Mr. Cosby has not lost a touch of his wit and observation on the human condition in particularly as it relates to getting married, being a husband and of course, having children. In a way this is not very different from his concert film in 1983 except that now we have it from the perspective of a man who has been working in comedy nonstop for fifty one years and is now in his mid seventies. There are moments of pure brilliance and never does he utter a single word that remotely sounds like a four letter word. I want to state that this is a comedy concert that can be enjoyed by all members of the family, but the truth is there are points where I felt I would have gotten a lot more out of it if I had a better personal frame of reference since I am still a single man today, but even if I were married with children I think the older one is who watches this video, the more they will get out of it. I have to lend this to my parents now that I have seen it. The other effect that comes across from watching Bill Cosby ...Far From Finished is that it is hard not to watch Mr. Cosby and not be reminded of all of the comedic impressions done of him since Eddie Murphy did his own impression in the hilarious concert film Raw back in the late1980s. Still it is hard not to be in awe of Mr. Cosby, especially when he is interviewed by Comedian, Filmmaker and the Director of this concert program for Comedy Central, Robert Townsend. The 48 minute interview with Mr. Cosby recorded after the taping of the show is one of the most candid interviews I have ever seen the man give as he discuses how he came into comedy from learning to be a storyteller. His advice to young comedians is "Don't be afraid of the smiles." He talks about his first appearance on The Tonight Show after only working in comedy for seven months, dealing with the jealousy of others and his strong regards and respect for the comedians who were his contemporaries and roll models like Jerry Lewis, George Carlin, Dick Gregory, Jonathan Winters and Lenny Bruce. For me I found this interview to be more engaging because it was my experience working as an intern on The Cosby Show that made me want to become a storyteller myself and where I consciously became aware that what I wanted to do was write and I have been doing so ever since. Once again, "Thank you Mr. Cosby."

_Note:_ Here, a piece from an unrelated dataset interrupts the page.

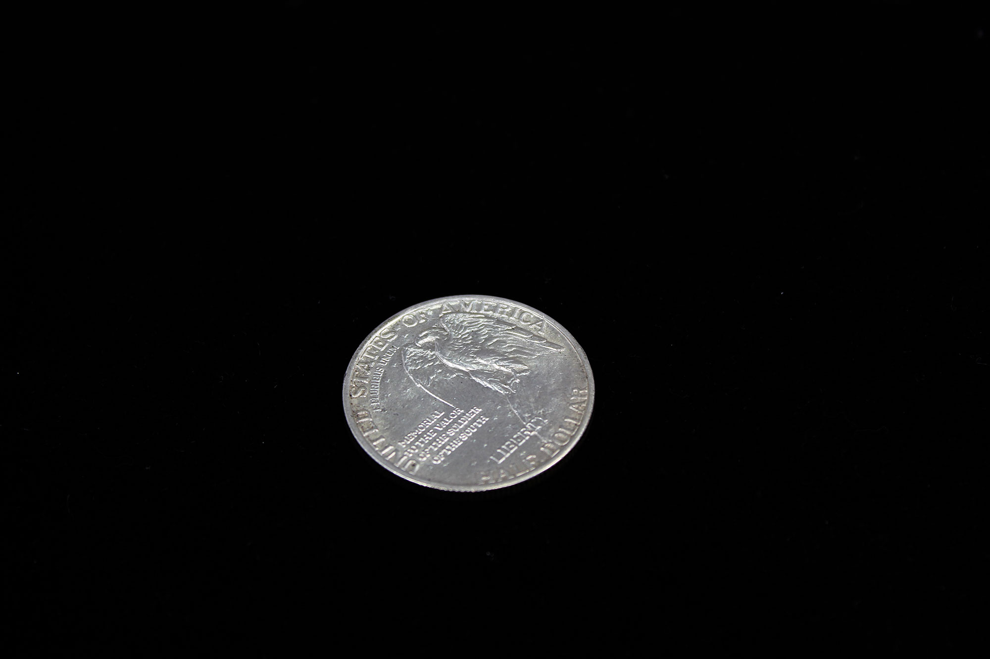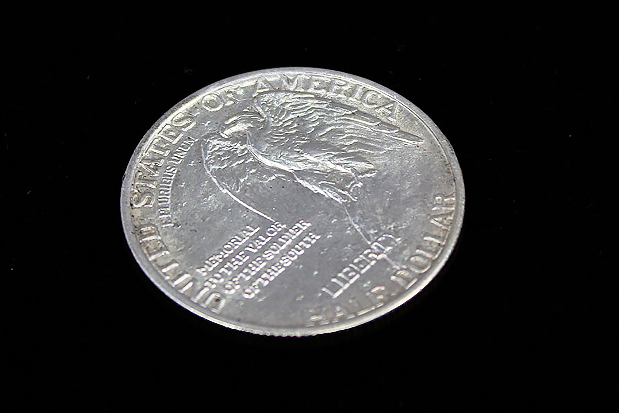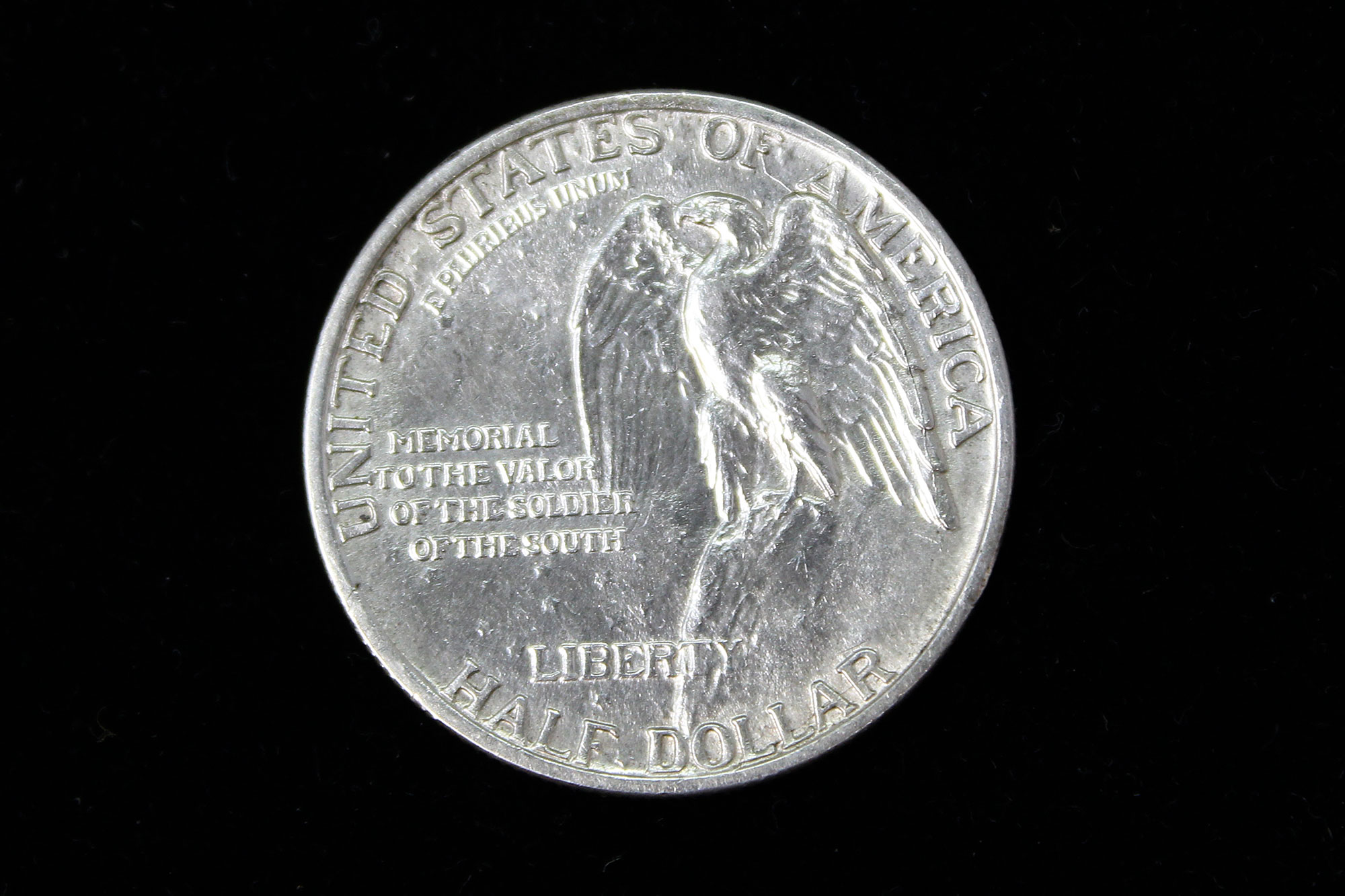 1925 Stone Mountain Half Dollar Commemorative Coin. The Stone Mountain Memorial half dollar was an American 50 cent piece struck in 1925 at the Philadelphia Mint. Its main purpose was to raise money on behalf of the Stone Mountain Confederate Monumental Association for the Stone Mountain Memorial near Atlanta, Georgia. Designed by sculptor Gutzon Borglum, the coin features a depiction of Confederate generals Robert E. Lee and Stonewall Jackson on the obverse and the caption “Memorial to the Valor of the Soldier of the South” on the reverse. Coin contains .900 silver.
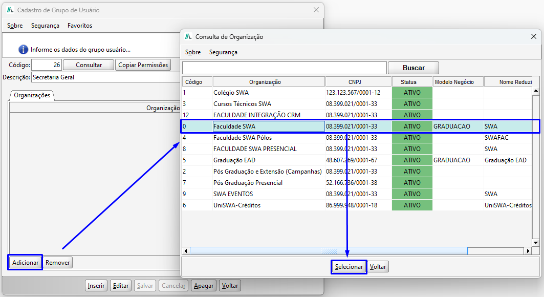 Será possível adicionar apenas uma organização por vez. Caso seja necessário vincular outras organizações ao grupo, repita o procedimento descrito acima.

Other extra value features besides the featurette on the students (5:02) and the interview he gives to Robert Townsend (48:45) is footage from the music recording session that is used when Mr. Cosby enters and exits on in the show (2;24) and fan reactions before and after the show (2:51).
The concert itself along with all of the extra value features on Blu-ray Disc are presented in full 16 by 9 widescreen 1080p HD with a choice of English Dolby TrueHD or Dolby Digital Stereo for the concert itself as well as English Subtitles for the Deaf and Hearing Impaired accessible throughout not only the concert, but all of the bonus materials too. The concert is also available on standard definition DVD with English Dolby Digital 5.1 Surround Sound and Stereo Sound listening options.
Bill Cosby ...Far From Finished will debut on both Blu-ray Disc and DVD, but sold separately, on Tuesday, November 26, 2013 courtesy of Comedy Central and Paramount Home Entertainment.